The Latin American nation of El Salvador made headlines worldwide last month when it became the first country ever to officially recognize Bitcoin as legal tender. While both critics and proponents remain in abundance, the country has managed to popularize the use of the top cryptocurrency. Albeit, with a few hiccups along the way.
It’s too early to assess if Bitcoin will solve the country’s economic uncertainties. With the likes of Brazil heading in a similar direction, we’ll have a clearer answer soon enough.
However, according to Cardano Founder Charles Hoskinson, this isn’t exactly a particularly well thought out move from the economic perspective.
In an interview with Harvard International Review, Hoskinson opined that an international currency is bound to have three properties – It has to be a means of exchange, a unit of account, and a store of value.
In that sense, even Bitcoin is “suboptimal,” the exec claimed. So, what about Cardano’s native token ADA? According to the exec,
“I doubt that ADA will ever be considered a national currency.”
Why? Because the dollar value of these cryptocurrencies keeps fluctuating, making them unreliable sources of credit. Hoskinson explained,
“People think in terms of dollars, and you have to kind of get to a point where you create an instrument that has values stability, high velocity, and price predictability, so that you can use it for credit, because money is very closely related to credit.”
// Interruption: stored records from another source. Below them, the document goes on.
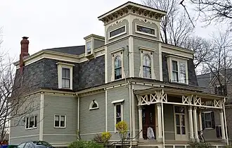 The House at 230 Melrose Street in the Auburndale section of Newton, Massachusetts, is one of the village's most elaborately decorated houses. The two story wood-frame house was built c. 1870, and features predominantly Second Empire styling, including a distinctive tower above the entry that is capped by an extended bracketed cornice. The porch features Stick style valance decoration, a feature not usually seen until later in the 19th century.[2]
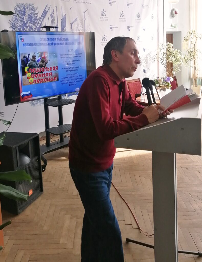 Наиболее актуальной в наше время является военно-патриотическая поэзия. Поэтому, специальным гостем приглашен калужский автор поэм и стихотворений о любви к Родине, своей стране, своему народу и языку — А.А. Купрюхин. В 2014 г. жизнь страны в новых реалиях нашла отражение в книге под названием «До и после». С тех пор, автор пишет стихи патриотического содержания. В январе 2023 г. вышло в свет издание с содержанием около 70 работ. Поэт объяснил слушателям, что такое патриотизм, уважение к своему родному языку и культуре родной многонациональной страны, провел аналогии с событиями прошлого и настоящего, напомнил о важности отстаивания своей гражданской позиции. Такие стихи созданы для атмосферы вдохновения и патриотизма, чтобы каждый почувствовал свою причастность к истории и будущему Родины.
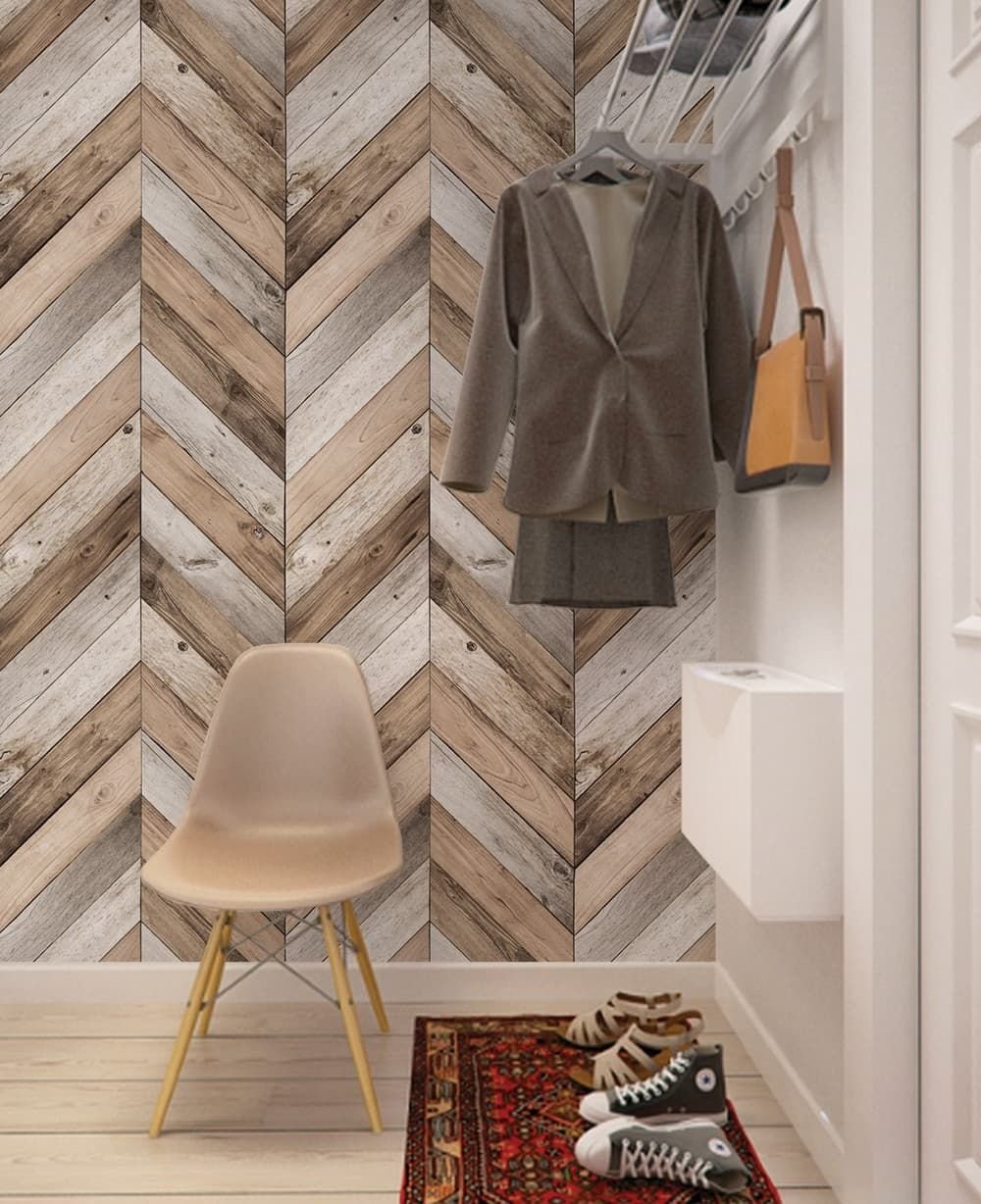 Обои под дерево в интерьере прихожей
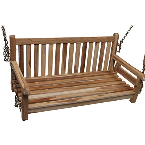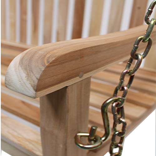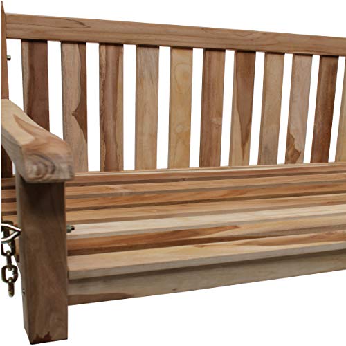 Im Lieferumfang sind eine Teak-Schaukelbank und zwei Ketten enthalten.
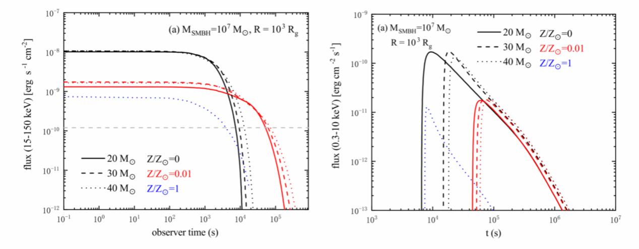 我们研究了前身星质量和金属丰度对伽马暴喷流在AGN盘内传播的影响。图1 展示了喷流在盘内传播的情况。对于那些可以成功突破的喷流,我们进一步计算了相应的瞬时辐射和余辉辐射,同时还考虑了AGN中心超大黑洞质量和爆发所处位置对辐射信号的影响。图2展示了突破的喷流产生的瞬时辐射和余辉。我们的结果表明,对于红移1以内的AGN,这些成功突破的喷流所产生的信号有可能被Swift卫星和天关卫星所探测。未来成功的探测将帮助人们限制AGN吸积盘和盘内恒星的结构和演化历史。

This makes it tough for Bitcoin or similar cryptocurrencies to be used as a lending instrument due to the volatility of the underlying asset.
The solutions to that, according to Hoskinson, however, are algorithmic stablecoins like MakerDAO’s DAI and Cardano’s own recently announced Djed. He added,
“Instruments like ADA and cryptocurrencies in general can be used to construct derivatives or structures that become tremendously good currencies.”
Stablecoins – Best of both worlds?
Algorithmic stablecoins can keep their peg using only software and rules instead of any fiat currency, enabling them to scale infinitely. They do so in accordance with the needs of the economy, while also being completely decentralized.
This will not only remove reliance on fiat currencies, but will also allow countries to have greater control over their monetary policy. Especially if they decide to include cryptos in it, according to Joel Telpner, Chief Legal Officer at Input Output Hong Kong.
In fact, Telpner was also quick to clarify that as was the case with the U.S Dollar, El Salvador can’t control any aspect of Bitcoin either.
“But if you use that as a base and adopt some type of stable coin, now, you’re not only getting the benefit of crypto but you do have the ability once again to also control the monetary policy and so I think in a way you get the best of both worlds.”
According to Hoskinson, these include “instant finality, ease of storage, programmability, with the signature for added security and support,” along with the ability to activate “Know-Your-Customer” and “Anti Money Laundering” provisions.
In his view, countries will be much better poised if they didn’t focus on solely adopting Bitcoin. Instead, they should move towards creating their own digital currencies.
“For El Salvador, the sequel to their work will likely be a digital currency. And that digital currency will likely be value stable. And it would then make a great medium of exchange and unit of account.”